> Source data
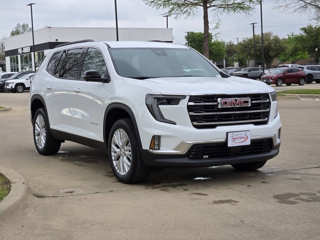 Summit White 2026 GMC Acadia 4D Sport Utility Elevation FWD 8-Speed Automatic 2.5L DOHC Elevation Premium Package (3-Channel Programmable Universal Home Remote, 6-Way Power Front Passenger Seat Adjuster, 7-Passenger Seating (2-2-3 Seating Configuration), CoreTec Seat Trim, and Front Passenger Power Lumbar Seat Adjuster), Floor Liner Package (1st and 2nd Row All-Weather Floor Liner, 3rd Row All-Weather Floor Liner, and Integrated Cargo Liner), FWD, After Dark Cloth, 12 Speakers, 18 x 7.5 Aluminum Wheels, 3.49 Final Drive Axle Ratio, 3rd row seats: split-bench, 4-Way Manual Front Passenger Seat Adjuster, 4-Wheel Disc Brakes, 8-Passenger Seating (2-3-3 Seating Configuration), 8-Way Power Driver Seat Adjuster, ABS brakes, Air Conditioning, Alloy wheels, AM/FM radio: SiriusXM with 360L, Apple CarPlay/Android Auto, Auto High-beam Headlights, Automatic temperature control, Bodyside moldings, Bose Premium 12-Speaker System with Sub-Woofer, Brake assist, Bumpers: body-color, Cloth Seat Trim, Compass, Delay-off headlights, Driver 2-Way Power Lumbar Seat Adjuster, Driver door bin, Driver vanity mirror, Dual front impact airbags, Dual front side impact airbags, Electronic Stability Control, Emergency communication system: OnStar Services capable, Exterior Parking Camera Rear, Four wheel independent suspension, Front anti-roll bar, Front Bucket Seats, Front Center Armrest, Front dual zone A/C, Front fog lights, Front reading lights, Fully automatic headlights, Heated door mirrors, Heated Driver and Front Passenger Seats, Heated front seats, Heated steering wheel, Illuminated entry, Leather steering wheel, Low tire pressure warning, Navigation System, Occupant sensing airbag, Outside temperature display, Overhead airbag, Overhead console, Panic alarm, Passenger door bin, Passenger vanity mirror, Power door mirrors, Power driver seat, Power Liftgate, Power steering, Power windows, Radio data system, Radio: 15 Diagonal Premium GMC Infotainment System, Rear air conditioning, Rear anti-roll bar, Rear reading lights, Rear seat center armrest, Rear side impact airbag, Rear window defroster, Rear window wiper, Remote keyless entry, Security system, SiriusXM with 360L, Speed control, Speed-sensing steering, Split folding rear seat, Spoiler, Sport steering wheel, Steering wheel mounted audio controls, Tachometer, Telescoping steering wheel, Tilt steering wheel, Traction control, Trip computer, Turn signal indicator mirrors, Variably intermittent wipers, and Voltmeter.
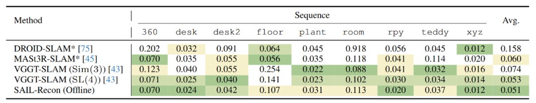 在 TUM-RGBD 数据集上,SAIL-Recon 同样表现出色,在给定的数千帧图像中,效果与现有的 SLAM 方案接近。需要注意的是 SAIL-Recon 是一个离线重建方法,并没有利用时序上的连续性信息。
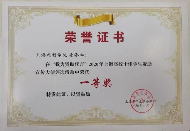 taptap点点荣获“我为资助代言”优秀组织奖;同时taptap点点学生代表来自舞蹈学院的徐添如同学荣获“十佳学生资助宣传大使”称号。
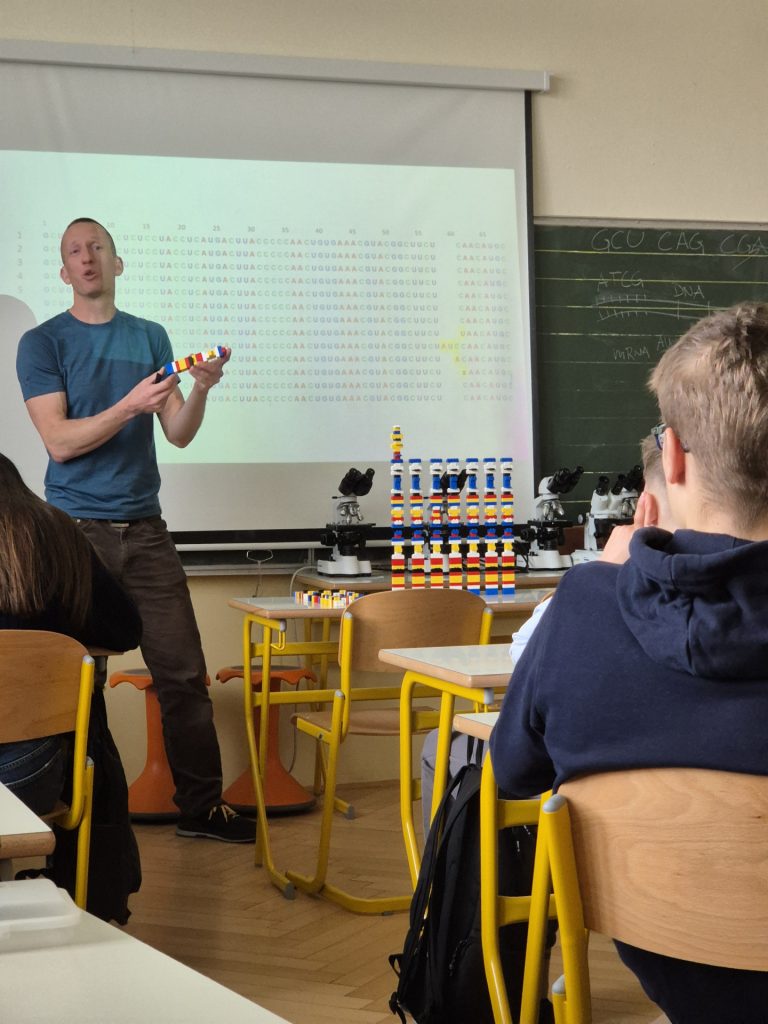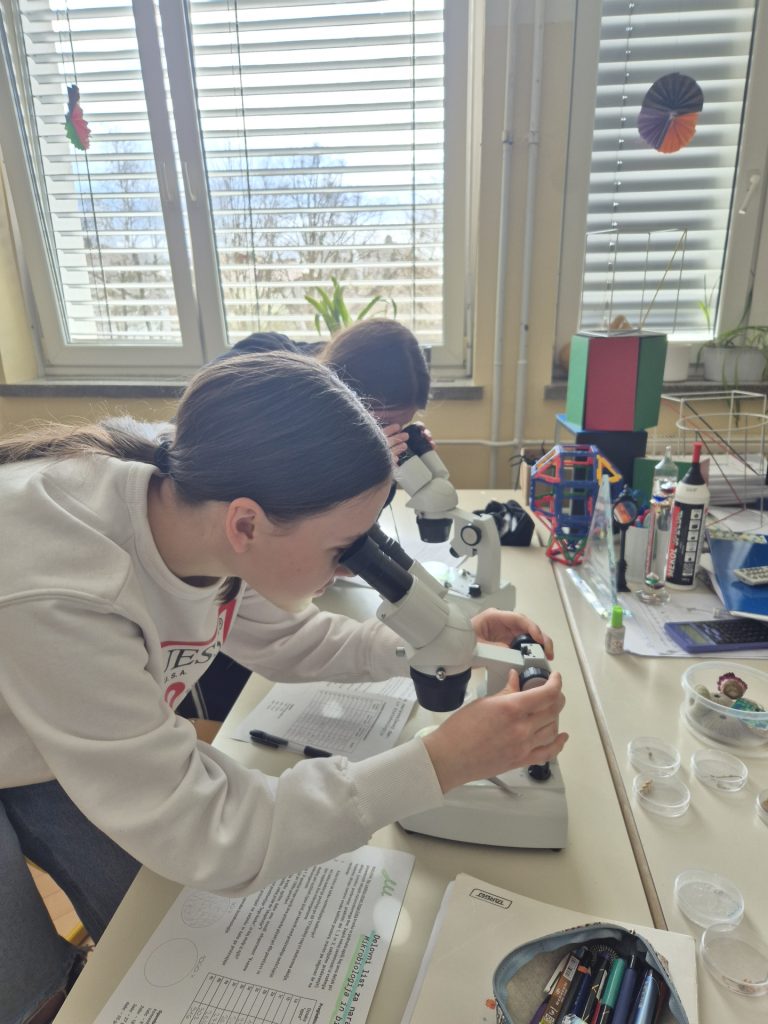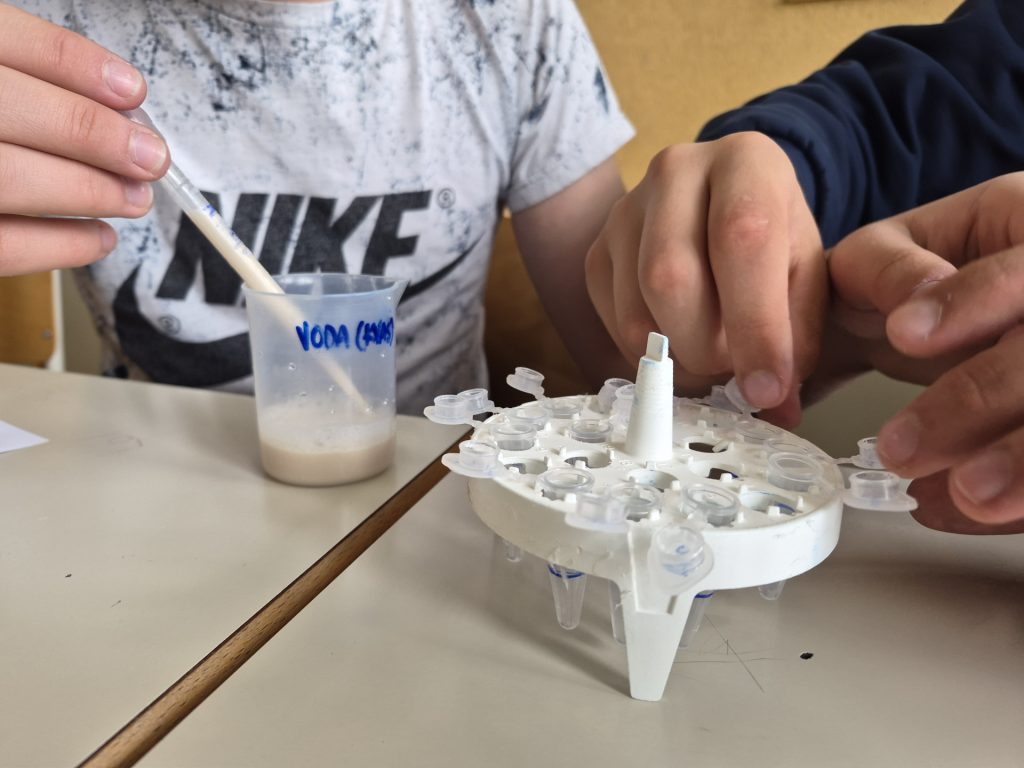 Na današnjem naravoslovnem dnevu smo se naučili veliko novih in hkrati zanimivih stvari s področja mikrobiologije in biotehnologije. Po krajšem uvodnem predavanju smo se lotili prvega eksperimenta s kvasovkami. Po malici smo se preizkusili v vlogi ribosomov pri sestavljanju proteinov. Za dober zaključek smo z mikroskopi opazovali kolonije plesni in bakterijo ter tudi vsakdanje predmete. Naučili smo se veliko novih in predvsem zanimivih stvari. Preživeli smo res super petek.

> Required work
Reproduce the whole listing verbatim and keep all pictures out of it.

> Your response
 Summit White 2026 GMC Acadia 4D Sport Utility Elevation FWD 8-Speed Automatic 2.5L DOHC Elevation Premium Package (3-Channel Programmable Universal Home Remote, 6-Way Power Front Passenger Seat Adjuster, 7-Passenger Seating (2-2-3 Seating Configuration), CoreTec Seat Trim, and Front Passenger Power Lumbar Seat Adjuster), Floor Liner Package (1st and 2nd Row All-Weather Floor Liner, 3rd Row All-Weather Floor Liner, and Integrated Cargo Liner), FWD, After Dark Cloth, 12 Speakers, 18 x 7.5 Aluminum Wheels, 3.49 Final Drive Axle Ratio, 3rd row seats: split-bench, 4-Way Manual Front Passenger Seat Adjuster, 4-Wheel Disc Brakes, 8-Passenger Seating (2-3-3 Seating Configuration), 8-Way Power Driver Seat Adjuster, ABS brakes, Air Conditioning, Alloy wheels, AM/FM radio: SiriusXM with 360L, Apple CarPlay/Android Auto, Auto High-beam Headlights, Automatic temperature control, Bodyside moldings, Bose Premium 12-Speaker System with Sub-Woofer, Brake assist, Bumpers: body-color, Cloth Seat Trim, Compass, Delay-off headlights, Driver 2-Way Power Lumbar Seat Adjuster, Driver door bin, Driver vanity mirror, Dual front impact airbags, Dual front side impact airbags, Electronic Stability Control, Emergency communication system: OnStar Services capable, Exterior Parking Camera Rear, Four wheel independent suspension, Front anti-roll bar, Front Bucket Seats, Front Center Armrest, Front dual zone A/C, Front fog lights, Front reading lights, Fully automatic headlights, Heated door mirrors, Heated Driver and Front Passenger Seats, Heated front seats, Heated steering wheel, Illuminated entry, Leather steering wheel, Low tire pressure warning, Navigation System, Occupant sensing airbag, Outside temperature display, Overhead airbag, Overhead console, Panic alarm, Passenger door bin, Passenger vanity mirror, Power door mirrors, Power driver seat, Power Liftgate, Power steering, Power windows, Radio data system, Radio: 15 Diagonal Premium GMC Infotainment System, Rear air conditioning, Rear anti-roll bar, Rear reading lights, Rear seat center armrest, Rear side impact airbag, Rear window defroster, Rear window wiper, Remote keyless entry, Security system, SiriusXM with 360L, Speed control, Speed-sensing steering, Split folding rear seat, Spoiler, Sport steering wheel, Steering wheel mounted audio controls, Tachometer, Telescoping steering wheel, Tilt steering wheel, Traction control, Trip computer, Turn signal indicator mirrors, Variably intermittent wipers, and Voltmeter.
 在 TUM-RGBD 数据集上,SAIL-Recon 同样表现出色,在给定的数千帧图像中,效果与现有的 SLAM 方案接近。需要注意的是 SAIL-Recon 是一个离线重建方法,并没有利用时序上的连续性信息。
 taptap点点荣获“我为资助代言”优秀组织奖;同时taptap点点学生代表来自舞蹈学院的徐添如同学荣获“十佳学生资助宣传大使”称号。
 Na današnjem naravoslovnem dnevu smo se naučili veliko novih in hkrati zanimivih stvari s področja mikrobiologije in biotehnologije. Po krajšem uvodnem predavanju smo se lotili prvega eksperimenta s kvasovkami. Po malici smo se preizkusili v vlogi ribosomov pri sestavljanju proteinov. Za dober zaključek smo z mikroskopi opazovali kolonije plesni in bakterijo ter tudi vsakdanje predmete. Naučili smo se veliko novih in predvsem zanimivih stvari. Preživeli smo res super petek.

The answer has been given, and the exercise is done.